Шандра склонила головку к плечу, многозначительно погрозила пальцем и сдвинула брови, словно готовясь прочесть мне лекцию. Что-то знакомое было во всех этих манипуляциях, но я не сразу догадался, что она копирует меня самого.
— Кассильда рассказала мне многое о мужчинах… и Файт, и даже мадам Удонго… Ты, Грэм, из тех людей, которые не любят хранить тайны. Ты слишком горд тем, что делаешь, и тебе нужна публика, чтобы похвастаться. А публика — вот она, перед тобой! — И она коснулась своей груди.
Ну и ну! — подумал я. Психоаналитик не хуже Жанны! И ведь она права! Взять хотя бы Жоффрея: я рассказывал ему о своей жизни, хотя аркон не внушал мне ни доверия, ни уважения. Но с кем еще я мог поболтать в бесплодной мерфийской пустыне?
И все-таки об одной из моих тайн Шандра не ведала. Я говорю о своих поисках; не то чтобы я делал из них секрет, но эта тема казалась мне неподходящей для обсуждения. Поймет ли Шандра, что мой Рай — совсем не тот, о коем ей толковали на Мерфи? Мой Рай пока что неосуществленная вероятность, и в этом смысле он реален, тогда как рай Корана или Библии всего лишь фикция, мираж, иллюзия для слабых духом. И мой Рай не имеет отношения к Творцу, к его пророкам, ангелам, архиепископам, арко-нам, ко всем неприятным личностям, что тиранили Шандру столько лет. Но будет ли это ей понятно? Затем я подумал, что мой стратегический план — тот самый, продиктованный прагматизмом — нуждается в корректировке. И если моя леди столь сообразительна, пусть она и корректирует его. Во всяком случае, ее совет не был бы лишним.
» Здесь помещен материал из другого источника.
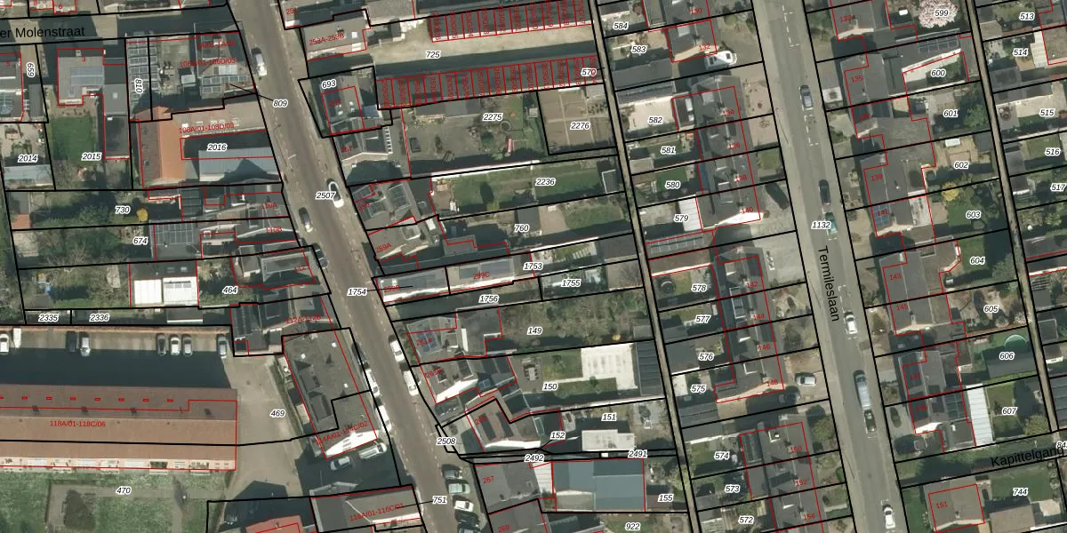 Gebruik de zoekbalk of klik op een perceel om informatie over het perceel te bekijken.

Я дернул Шандру за рукав комбинезона:
— Скажи-ка, девочка, а как я поступлю, если дела пойдут из рук вон плохо?
Как я выкручусь из ситуации почти безвыходной?
— Ты бы что-нибудь придумал, Грэм. Посмотрел туда и сюда, поразмыслил и отыскал что-то новенькое, неожиданное. Ведь ты — старый мудрый мужчина со Старой Земли! И ты не раз попадал в почти безвыходные ситуации… например, с Йоко… Вот глупая женщина! Самая глупая во Вселенной!
— Это почему же?
— Потому что захотела обыграть тебя. И что получила? Ссылку в неприятный мир, где металл ее дешев, где сама она не значит ничего и не может заниматься своей профессией. Разве не так?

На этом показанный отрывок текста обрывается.